++++ DATA EXCERPT
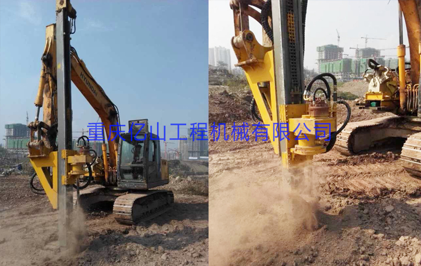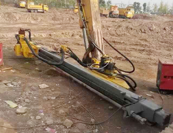 2、前后左右自由伸展,當(dāng)挖掘機(jī)在工地不平坦的情況下, 挖機(jī)手可根據(jù)位置不同調(diào)整鉆桿角度,保持90°垂直鉆孔。
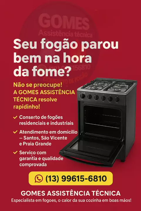 🔧🔥 Seu fogão parou bem na hora da fome? Não se preocupe! A Gomes Assistência Técnica resolve rapidinho! ✅ Conserto de fogões residenciais e industriais ✅ Atendimento em domicílio – Santos, São Vicente e Praia Grande ✅ Serviço com garantia e qualidade comprovada 📞 Chame agora no WhatsApp: (13) 99615-6810 📍 Gomes Assistência Técnica – Especialista em fogões, o calor da sua cozinha em boas mãos! #ConsertoDeFogão #AssistenciaTecnica #Fogão #Santos #SãoVicente
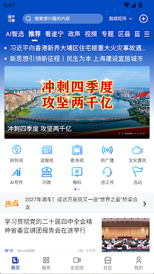 遂宁观察是一款综合移动应用,集新闻资讯、政务服务、智慧城市功能于一体,提供本地权威、及时的新闻内容,融合了短视频、直播、社区分享等形式,让信息获取直观有趣。可以通过平台了解城市动态、办理便民事务、参与公共话题讨论。
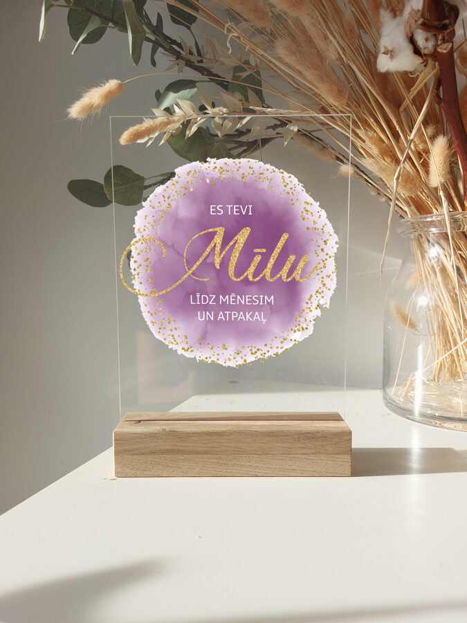 Trükitud orgaaniline klaas tammepuidust alusel.
++++++++
**WORK ITEM**.
Print out the material word for word, omitting the pictures.

**WRITTEN SOLUTION**.
 2、前后左右自由伸展,當(dāng)挖掘機(jī)在工地不平坦的情況下, 挖機(jī)手可根據(jù)位置不同調(diào)整鉆桿角度,保持90°垂直鉆孔。
 🔧🔥 Seu fogão parou bem na hora da fome? Não se preocupe! A Gomes Assistência Técnica resolve rapidinho! ✅ Conserto de fogões residenciais e industriais ✅ Atendimento em domicílio – Santos, São Vicente e Praia Grande ✅ Serviço com garantia e qualidade comprovada 📞 Chame agora no WhatsApp: (13) 99615-6810 📍 Gomes Assistência Técnica – Especialista em fogões, o calor da sua cozinha em boas mãos! #ConsertoDeFogão #AssistenciaTecnica #Fogão #Santos #SãoVicente
 遂宁观察是一款综合移动应用,集新闻资讯、政务服务、智慧城市功能于一体,提供本地权威、及时的新闻内容,融合了短视频、直播、社区分享等形式,让信息获取直观有趣。可以通过平台了解城市动态、办理便民事务、参与公共话题讨论。
 Trükitud orgaaniline klaas tammepuidust alusel.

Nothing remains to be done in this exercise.